Несмотря на патриархальные пережитки, в семье Ме­леховых, ее укладе, традиции много разумного и притя­гательного. В неравную борьбу за честь невинной жены, которую требовали на растерзание, вступил Прокофйй Мелехов. Крут и суров Пантелей Прокофьевич, но в то же время он и справедлив, оберегает честь своей семьи. Не просто из-за самодурства пытается он уломать Григория жениться на Наталье, когда тот увлекся Ак­синьей... Да и потом ограждал Наталью и ее детей от бед. Этим занята и хранительница домашнего очага, муд­рая и сильная духом Ильинична.

В те годы, когда создавался «Тихий Дон», шла поле­мика о семье и браке. Появились произведения — «Соба­чий переулок» Л. Гумилевского, «Луна с правой сторо­ны» С. Малашкина, «Без черемухи» П. Романова и дру­гие, в которых решалась тема, волновавшая молодежь. Огрубление нравов, анархию писатели порой возводили даже в норму, показывали в человеке прежде всего животное, изображали «откровенные сцены». Они есть у Б. Пильняка в «Голом годе» и у И. Калинникова в романе «Мощи».

Нравственные основы, семья, забота о поколении, нормальные супружеские отношения считались пере­житком прошлого. А у Б. Пильняка есть рассказ о том, как сын испытывает мужское влечение к родной матери.

У некоторых писателей получалось, что любовь — фи­зиологический процесс, безграничная власть инстинктов, безудержной чувственности. Это приводило к отрицанию психического, эмоционального, приводило к цинизму и арцыбашевщине. Теоретической основой всего этого;— если можно всерьез говорить о теории — был вульгар­ный материализм, в свое время раскритикованный Энгельсом.

Шолохов решает эту проблему, опираясь на здравые представления народа о семье и браке. Он выступает против той любви, которая так устраивает Лизу Мохову, Митьку Коршунова.

Видимо, прав был Пантелей Прокофьевич, когда га­лопом примчался на поле, с кнутом в руках, услышав, что сыновья подрались и в ход пошли вилы. Глава семьи следит за порядком и не дает никому распуститься.

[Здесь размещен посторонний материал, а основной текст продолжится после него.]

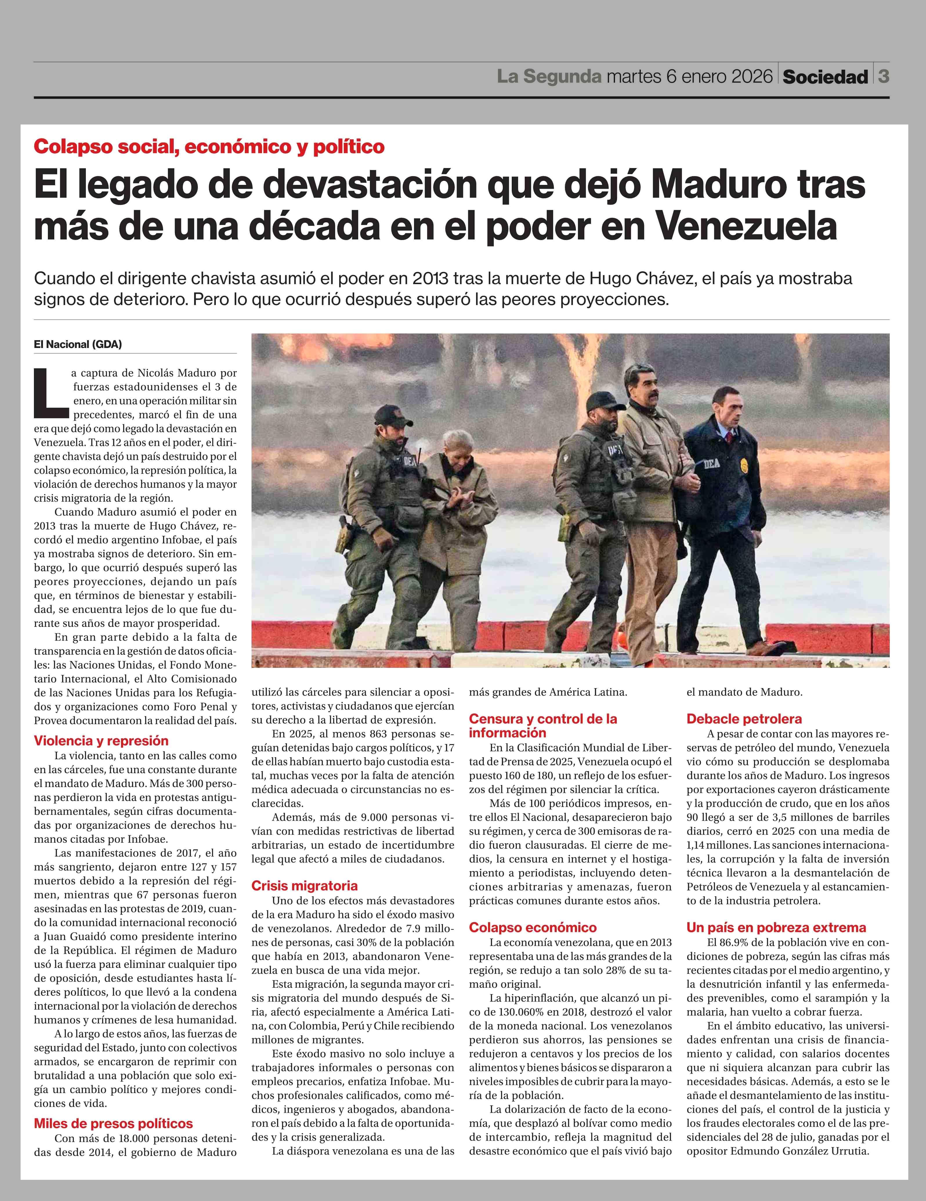 El legado de devastación que dejó Maduro tras más de una década en el poder en Venezuela 06-01-2026 La Segunda |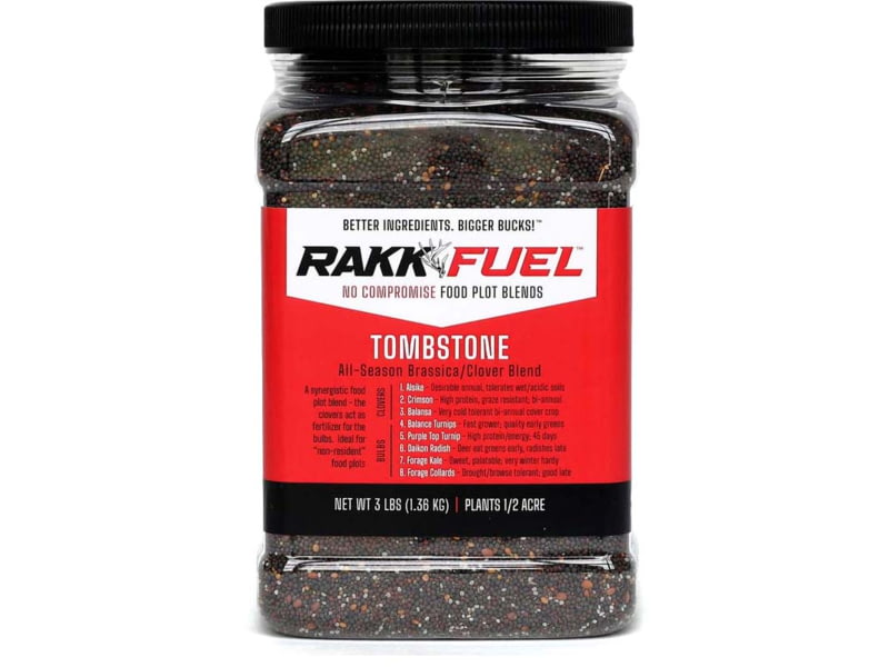 RaKK Fuel Tombstone 1/2 Acre Brassica/Clover Blend Small 7536. A synergistic food plot blend - the clovers act as fertilizer for the bulbs. Ideal for food plotters who don't have time to nurse their plots. Specifications for RaKK Fuel Tombstone 1/2...  Read more

«— Пе-ре-по-рю-ю-у-у-у... сукины сыны!..— завопил он еще издали и размотал над головой ременный арап­ник...— Кто кого вилами порол? За что дрались?..»

Дело не в арапнике, а в том, что есть глава семьи, отец.

Не откажешь в правоте Пантелею Прокофьевичу и Ильиничне, когда они следят за тем, чтоб их снохи — Наталья и Дарья — несли равный труд по хозяйству.

Права и Наталья, когда ругает сына за грубость: Мишат- ка назвал «хромым бесом» деда Пантелея.

Некоторые критики во всем этом видят, к сожалению, домострой, пережиток, а не проявление народной нравст­венности— этого очень устойчивого здравого представле­ния о человеческих отношениях, нормах общежития, без чего не могла сложиться общественная жизнь. Товари­щество, дружба, семья, взаимная выручка в беде, помощь страдающим, альтруизм, почитание старших, забота о де­тях, честность и бесхитростность, добропорядочность, отвращение к лжи, двуличию, лицемерию, вероломству, наглости и насилию — все эти нравственные нормы сло­жились на основе многовекового опыта трудовой жизни. И в том их непреходящая ценность...

И сегодня можно учить молодежь мудрому и чистому отношению к человеку, миру, природе на примере бабуш­ки Горького — Акулины Ивановны. А ведь во мно­гом ей сродни Ильинична — простая, сердечная и рас­судительная.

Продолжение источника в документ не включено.